その彼らが、今回苦渋の選択をした。グループ結成の頃のビジョンと方向がずれてきた、本当にやりたいことは何だったのか自問自答する時間が欲しい、といったことが理由の一つだという。
そしてもう一つ、これは周囲の憶測の域を脱していないのだが、韓国特有の国家方針が影響しているらしい。「兵役」である。
韓国では、兵役の義務がある。決められた年齢の間に約2年間の役務を行わなければならない。人気絶頂の彼らも、原則はこのルールに従わなければならないようだ。
軍を持たない日本は、日米安保の枠組みの中で防衛をアメリカに頼っている。一方で隣国の中国やロシア、北朝鮮の権威主義国家の軍事的脅威に晒されている。米韓は軍事的に連携しており、日本の防衛にも一役買っている。韓国の兵役義務は、日本にとっても意義のあることなのだ。
例えば核がなくならないのは、核戦争を抑止するために核を持たなければならない、という論理だ。核を使うことは核戦争を引き起こすこと、それは自国を滅ぼすことに繋がることを、核保有国は理解している。核の存在をちらつかせるのは、相手に核を使わせない効果があるということだ。

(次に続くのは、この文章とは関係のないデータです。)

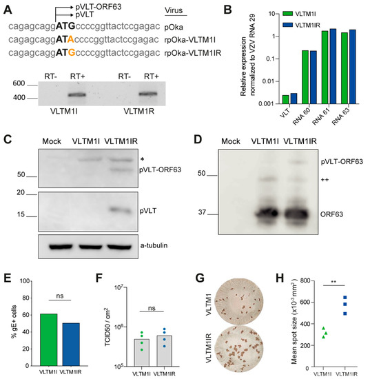 Generation of VZV pVLT/pVLT-ORF63 mutant viruses using BAC mutagenesis. (A) Top: Nucleotide sequence of VZV pOka, rpOka-VLTM1I and rpOka-VLTM1IR of the pVLT/pVLT-ORF63 ATG start codon in black, mutations in orange and its flanking regions and bottom: RT-PCR on RNA isolated from ARPE-19 cells infected with VZV VLTM1I or VLTM1IR using primers located in VLT exon 1 and exon 5. RT-/RT+: reverse transcriptase omitted or added in cDNA synthesis. (B) Relative expression level of VLT RNAs, RNA 60, RNA 61 and RNA 63 in ARPE-19 cells asynchronously infected with VLTM1I or VLTM1IR. Expression levels were normalized to VZV RNA29 to compensate for differences in infection. (C,D) Western blots on lysates of mock-, VZV VLTM1I- or VZV VLTM1IR-infected ARPE-19 cells stained with anti-pVLT, anti-alpha-tubulin (C) and anti-pORF63 (D) antibodies. Bands for pVLT and pVLT-ORF63 are indicated, * signifies an nonspecific band detected in all virus-infected cells, ++ indicates pORF63-N+ [10]. (E) Percentage VZV glycoprotein E (gE)–positive cells by flow cytometry of VZV VLTM1I and VLTM1IR in ARPE-19 cells at 72 hpi. Representative data for n = 2 independent experiments, n = 3 technical replicates. ns, not significant by unpaired Student’s t-test. (F) Cell-associated VZV titers of monolayers infected with VLTM1I or VLTM1IR virus at 72 hpi as measured by TCID50 per cm2, ns: not significant by unpaired Student’s t-test. (G,H) Infectious focus assay of VZV VLTM1I and VLTM1IR-infected ARPE-19 cells at 6 days post-infection (n = 2 independent experiments, 4 replicates each). (G) Representative images of infected wells stained for VZV gE by immunohistochemistry and (H) Mean spot size (×103 mm2) of VLTM1I (green) and VLTM1IR (blue) viruses per well, ** p < 0.01 by unpaired Student’s t-test.
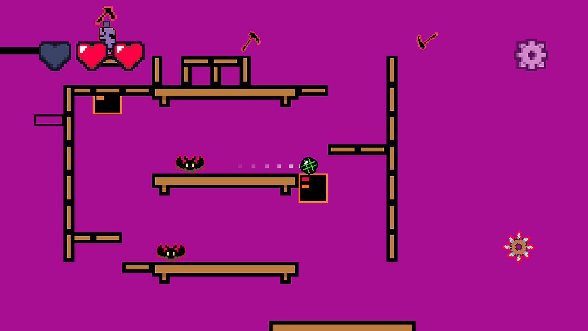 As your rolling and bouncing you way through each world you will come across many, MANY, different types of enemies. Such as a bat that will patrol a platform, a spooky ghost that will quickly catch you off guard, or even a small purple hazard that throws quite the surprise if you fail your timing...  That's not all, not even close to the various foes that you will face.

韓国では大統領が変わり、親日派のユン・ソンニョル氏が就任した。日本国民として、両国の関係改善が進んでいくことだろう、そう信じたい。そして戦争が現実的となっている今だが、どの国も軍隊を持たない、兵役義務のない国となり、若者の可能性を最大限発揮できる未来を夢みたい。BTSメンバーもそう思っているに違いない。